### Data shown
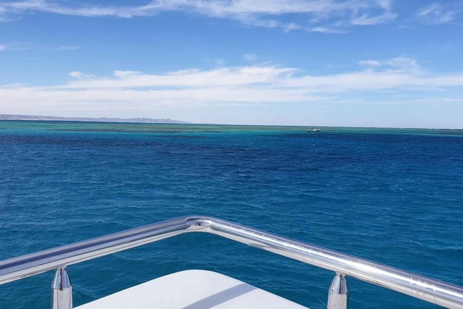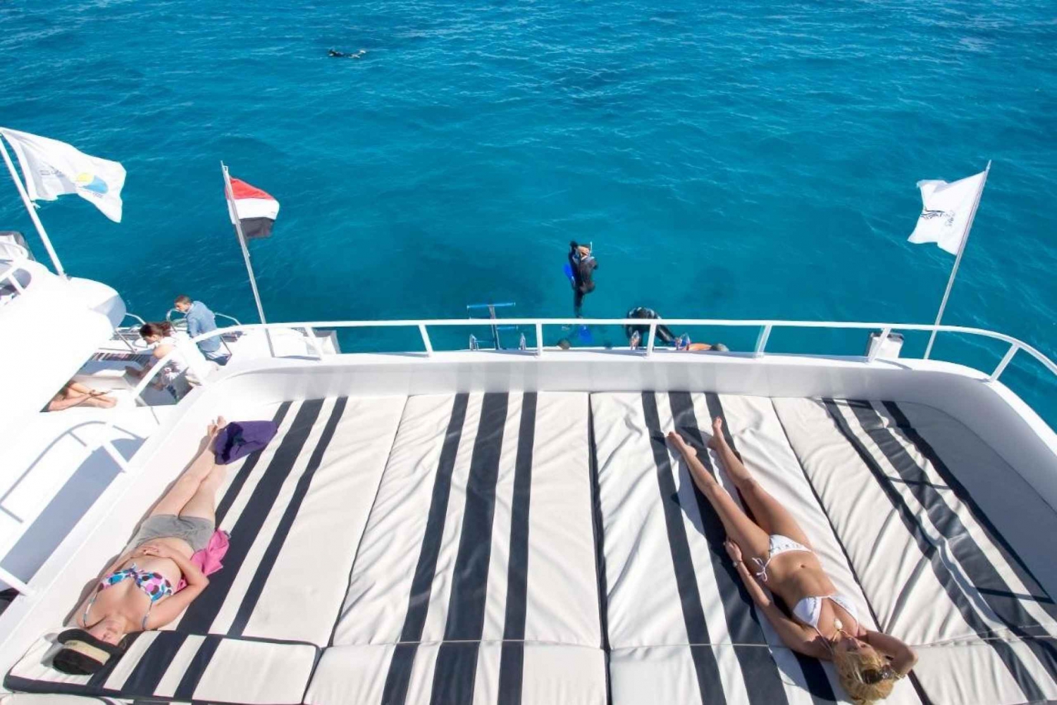 Entdecke auf dieser Tagestour von Sharm El Sheikh zum Ras Mohamed Nationalpark und zur Weißen Insel die außergewöhnliche Landschaft der Küste des Roten Meeres. Entspanne dich auf einer komfortablen Yacht, leihe dir eine Schnorchelausrüstung und genieße ein Mittagsbuffet. Erweitere dein Erlebnis, indem du 1 oder 2 Schnuppertauchgänge zu deiner Tour hinzufügst. Beginne mit der Abholung von deiner Unterkunft in Sharm El Sheikh und entspanne dich auf dem nahtlosen Bustransfer zur Jacht. Gehe an Bord einer sauberen und gut gewarteten Yacht, die über ein modernes und geräumiges Sonnendeck und einen luxuriösen Salon auf dem Unterdeck verfügt. Spüre die Meeresbrise in deinen Haaren, während du über das azurblaue Wasser zur Küste von White Island gleitest, um ein erfrischendes Bad zu nehmen. Mach dich auf den Weg zu beliebten Schnorchelplätzen im Ras-Mohamed-Nationalpark wie dem Yolanda-Riff, dem Haifisch-Riff, der South Bereika Bay, Marsa Ghozlani und Old Quay. Leih dir eine Schnorchelausrüstung, um eine Unterwasserwelt voller bunter Fische zu erkunden, und lass dich von Schnorchelführern begleiten, um deine Chancen zu erhöhen, Meeresbewohner zu entdecken. Streng deinen Appetit an, bevor du dir ein leckeres Mittagsbuffet gönnst. Genieße das Essen, das nach den höchsten Hygienestandards und mit marktfrischen Zutaten zubereitet wird. Es gibt frisch zubereitete Salate, Reis, Nudeln, Kartoffeln, Hühnchen und ägyptisches Kofta. Genieße beim Essen den Meerblick vom Boot aus. Während der Fahrt kannst du unbegrenzt Wasser, Softdrinks und Heißgetränke trinken. Fahre zurück zum Yachthafen und lass dich mit unvergesslichen Erinnerungen an deinen Tag auf dem Roten Meer zu deinem Hotel bringen.Includes
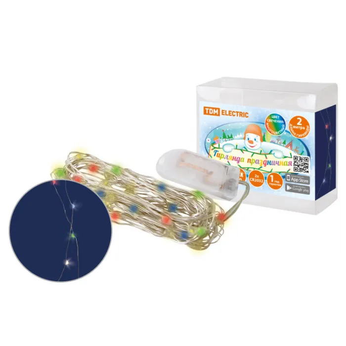 Гирлянда светодиодная "Роса20" 20LED, 2м, многоцвет., 2хCR2032 , TDM, Нижний Новгород
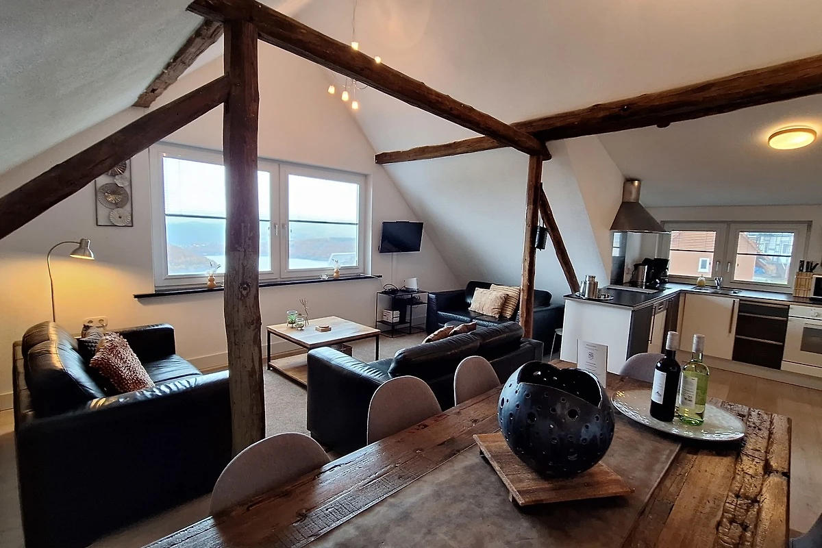 Das Schloss Waldeck ist 400 Meter zu Fuss entfernt, von hier aus können Sie mit der Seilbahn zum See hinunterfahren.

### Exercise brief
When you copy the data, keep every line exact and drop the pictures.

### Solution for this exercise
 Entdecke auf dieser Tagestour von Sharm El Sheikh zum Ras Mohamed Nationalpark und zur Weißen Insel die außergewöhnliche Landschaft der Küste des Roten Meeres. Entspanne dich auf einer komfortablen Yacht, leihe dir eine Schnorchelausrüstung und genieße ein Mittagsbuffet. Erweitere dein Erlebnis, indem du 1 oder 2 Schnuppertauchgänge zu deiner Tour hinzufügst. Beginne mit der Abholung von deiner Unterkunft in Sharm El Sheikh und entspanne dich auf dem nahtlosen Bustransfer zur Jacht. Gehe an Bord einer sauberen und gut gewarteten Yacht, die über ein modernes und geräumiges Sonnendeck und einen luxuriösen Salon auf dem Unterdeck verfügt. Spüre die Meeresbrise in deinen Haaren, während du über das azurblaue Wasser zur Küste von White Island gleitest, um ein erfrischendes Bad zu nehmen. Mach dich auf den Weg zu beliebten Schnorchelplätzen im Ras-Mohamed-Nationalpark wie dem Yolanda-Riff, dem Haifisch-Riff, der South Bereika Bay, Marsa Ghozlani und Old Quay. Leih dir eine Schnorchelausrüstung, um eine Unterwasserwelt voller bunter Fische zu erkunden, und lass dich von Schnorchelführern begleiten, um deine Chancen zu erhöhen, Meeresbewohner zu entdecken. Streng deinen Appetit an, bevor du dir ein leckeres Mittagsbuffet gönnst. Genieße das Essen, das nach den höchsten Hygienestandards und mit marktfrischen Zutaten zubereitet wird. Es gibt frisch zubereitete Salate, Reis, Nudeln, Kartoffeln, Hühnchen und ägyptisches Kofta. Genieße beim Essen den Meerblick vom Boot aus. Während der Fahrt kannst du unbegrenzt Wasser, Softdrinks und Heißgetränke trinken. Fahre zurück zum Yachthafen und lass dich mit unvergesslichen Erinnerungen an deinen Tag auf dem Roten Meer zu deinem Hotel bringen.Includes
 Гирлянда светодиодная "Роса20" 20LED, 2м, многоцвет., 2хCR2032 , TDM, Нижний Новгород
 Das Schloss Waldeck ist 400 Meter zu Fuss entfernt, von hier aus können Sie mit der Seilbahn zum See hinunterfahren.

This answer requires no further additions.